I am offering this because people always say that men like this dont change. But my experience was different. The way things changed was that I went to a counselor through my employer EAP. I did 6 sessions focused on communicating boundaries. The therapist told me it wouldn't work and I was in danger. But I said, okay, let's pretend it will work and approach it like that. She taught me things like to tell him during a calm time that I wasnt okay with being screamed at, and the next time he screamed, I would not talk to him for 12 hours. I thought he'd scream at me just for telling him this, but he didn't. It worked. He'd call and scream and I'd remind him that if he screamed, we needed 12 hours incommunicado to cool off. This really seemed to break whatever cycle we were in.
I came here to DCUM right before all that. I don't really know what a normal relationship is like. So I asked people how often is normal for a man to scream at his wife, call names, punch walls, throw things etc. And every person said it's not normal. I felt appreciative for that insight. But I also felt like I was alone on an island, speaking a language no one could understand. OP, you're not alone. Your dream of a family and happy marriage is important and you deserve it. It is still possible, even with the circumstances you currently face. He can be better, it is possible for people to change. But prioritize changing this dynamic NOW.
Anonymous wrote:Every time my DH and I bicker even the slightest, he resorts to name calling and giving me the middle finger.
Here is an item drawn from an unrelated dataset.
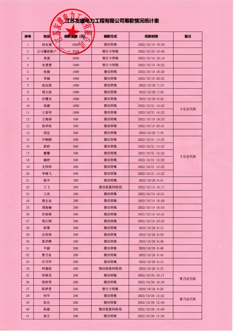 在10月19日《捐款倡议书》的通知发出后,总公司及各子公司积极响应并认真组织本单位职工捐款。截至10月21日,全公司共有126人次爱心捐款,累计筹集资金37481元,其中董事长孙友建捐款10000元,党支部书记、总经理胥建捐款2000元,公司廉政账户捐款2225元,各部门领导纷纷慷慨解囊。充分体现了公司广大职工的仁爱之心。在此,谨向奉献爱心的广大职工表示衷心的感谢!
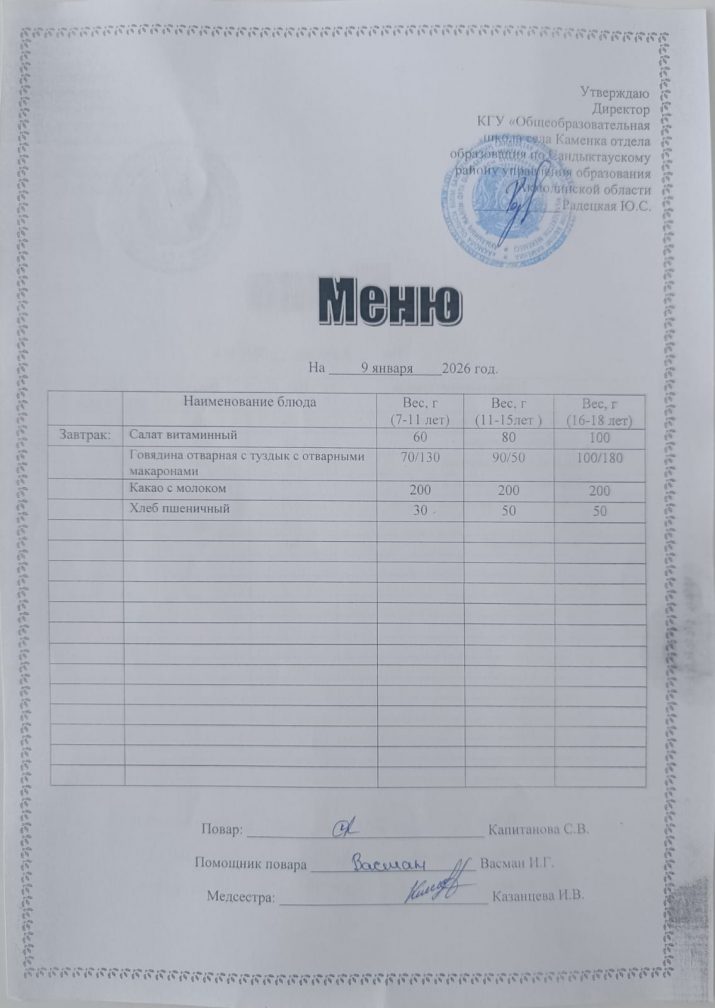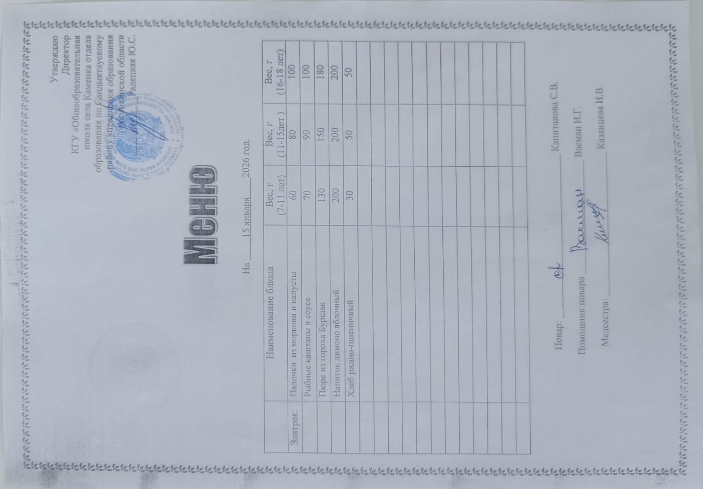 «Ақмола облысы білім басқармасының Сандықтау ауданы бойынша білім бөлімі Каменка ауылының жалпы орта білім беретін мектебі» коммуналдық мемлекеттік мекемесіне

We will have disagreements about who is dropping the baby at daycare that day, and he’ll end up calling me a psycho and giving me the middle finger.
He is constantly using insults that are specific to women and their mental health: psycho, rage case, hysterical, b*, etc. I have asked him time and time again to stop, especially with the very pointed mental health insults. I struggled with postpartum depression for months after our baby was born, and it is very fresh.
At this point, I’m tired of it. I’m tired of being called psycho for expressing any emotional response. I try my hardest to let his insults roll off my back, but maybe that’s why it keeps happening? Maybe I should show him what psycho looks like instead of just crying at the kitchen sink.
WWYD?
Anonymous wrote:Anonymous wrote:Before divorce or therapy, try setting a specific boundary.
"Hey DH. We've discussed many times you not flinging insults, using the middle finger, and threatening divorce when we disagree. I just wanted to let you know that if that happens again, I'm going to leave the room/house/whatever. It means a lot to me not to hear those words. That's just how I am."
See how the boundary is about what you want, not about him? It's clear, it's not an insult, so he should be able to take it well (if he doesn't, that's a big flag).
Then try it several times. If he doesn't let you enforce the boundary - for example if he follows you around the house calling you psycho - that's another really big red flag.
In the meantime, document everything. You have a pretty good case for cruelty in family court, but you need it in court-admissible format. Dates and times with specific but emotion-free descriptions of what happened. What he's doing is straight up verbal and emotional abuse since it's a pattern. If he can't/won't stop when you enforce a boundary, that's a really big flag.
OP: When we had a newborn and were very sleep deprived and stressed, he got into a habit of saying “f*** you” to me when we were fighting. I told him it was a boundary for me, and I wouldn’t tolerate being spoken to like that. I told him to never do it again. It happened again. And again. I eventually told him if he said it to me again, I would file for divorce. Of course, it happened again. And again.